== Supplied records ==

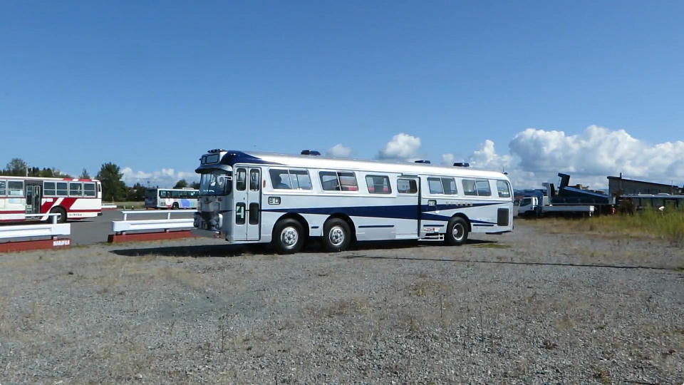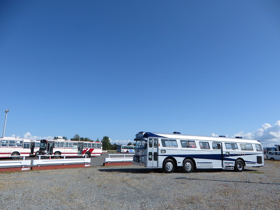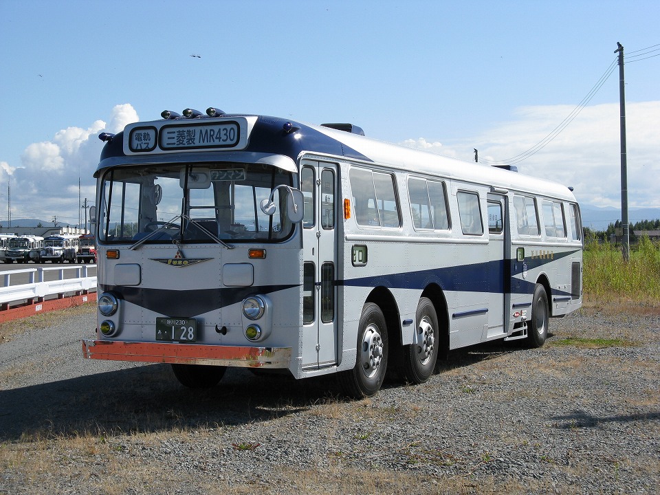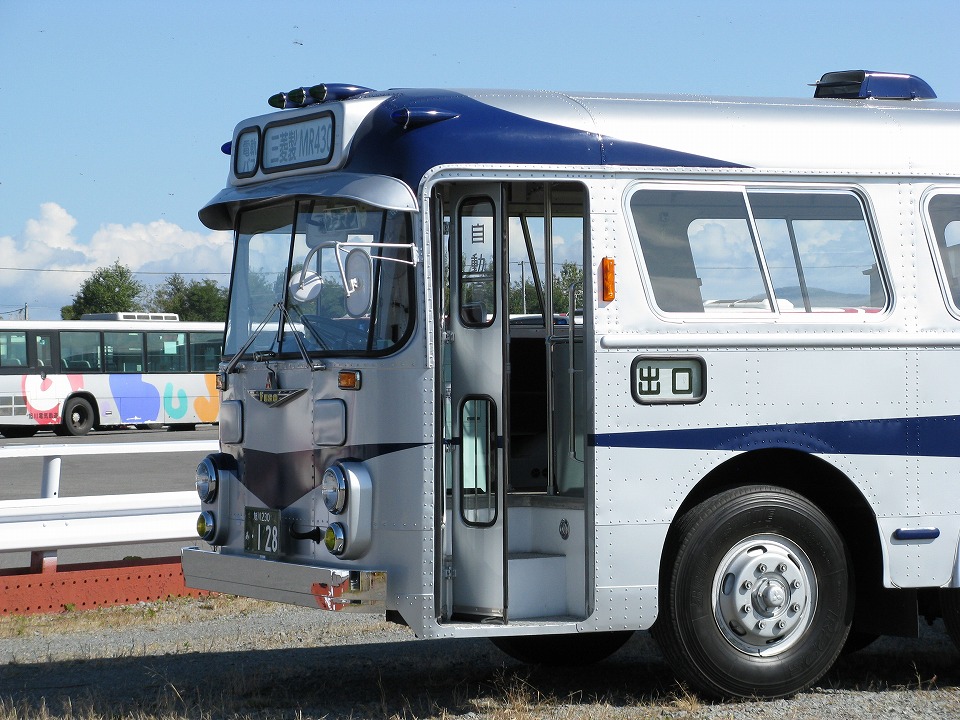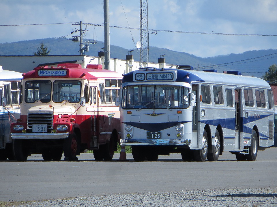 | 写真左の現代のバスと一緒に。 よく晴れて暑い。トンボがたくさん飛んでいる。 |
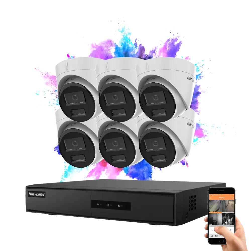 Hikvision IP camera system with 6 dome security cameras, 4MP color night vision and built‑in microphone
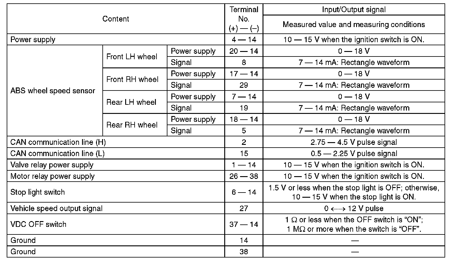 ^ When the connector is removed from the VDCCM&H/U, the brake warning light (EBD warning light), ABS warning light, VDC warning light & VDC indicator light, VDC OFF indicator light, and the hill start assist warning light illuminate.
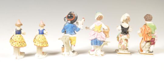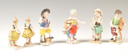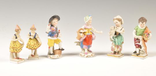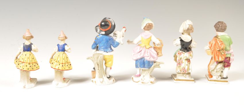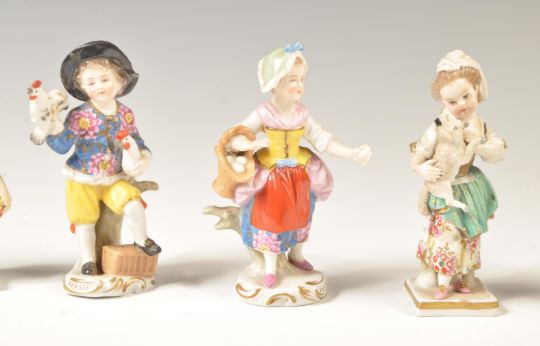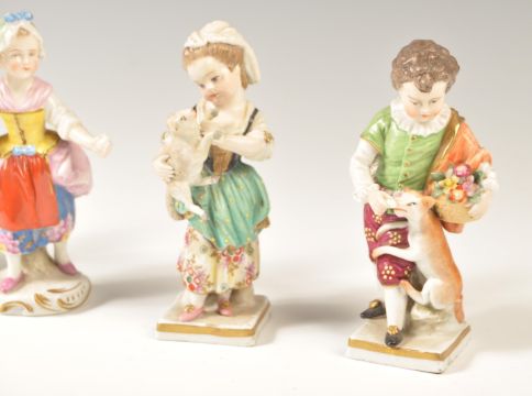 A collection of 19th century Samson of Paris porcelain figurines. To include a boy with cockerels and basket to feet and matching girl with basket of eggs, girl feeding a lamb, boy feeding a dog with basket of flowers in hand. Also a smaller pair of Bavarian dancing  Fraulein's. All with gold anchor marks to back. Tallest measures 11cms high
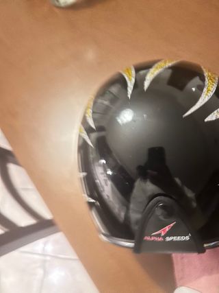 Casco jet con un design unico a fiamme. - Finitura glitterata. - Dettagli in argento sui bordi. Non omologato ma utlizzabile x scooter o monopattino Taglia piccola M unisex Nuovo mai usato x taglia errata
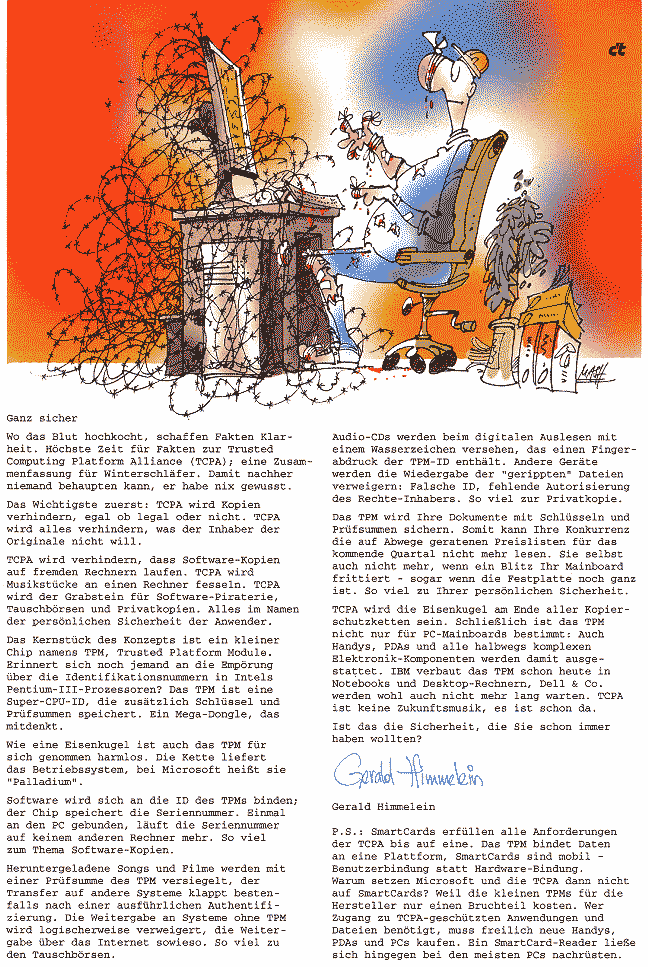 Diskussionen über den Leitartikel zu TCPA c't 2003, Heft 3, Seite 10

===

> About this task
What is the exact wording of the lines from the one bearing "Casco jet con" through the final line of the records above? Write it out without the pictures.

> Solved exercise
 Casco jet con un design unico a fiamme. - Finitura glitterata. - Dettagli in argento sui bordi. Non omologato ma utlizzabile x scooter o monopattino Taglia piccola M unisex Nuovo mai usato x taglia errata
 Diskussionen über den Leitartikel zu TCPA c't 2003, Heft 3, Seite 10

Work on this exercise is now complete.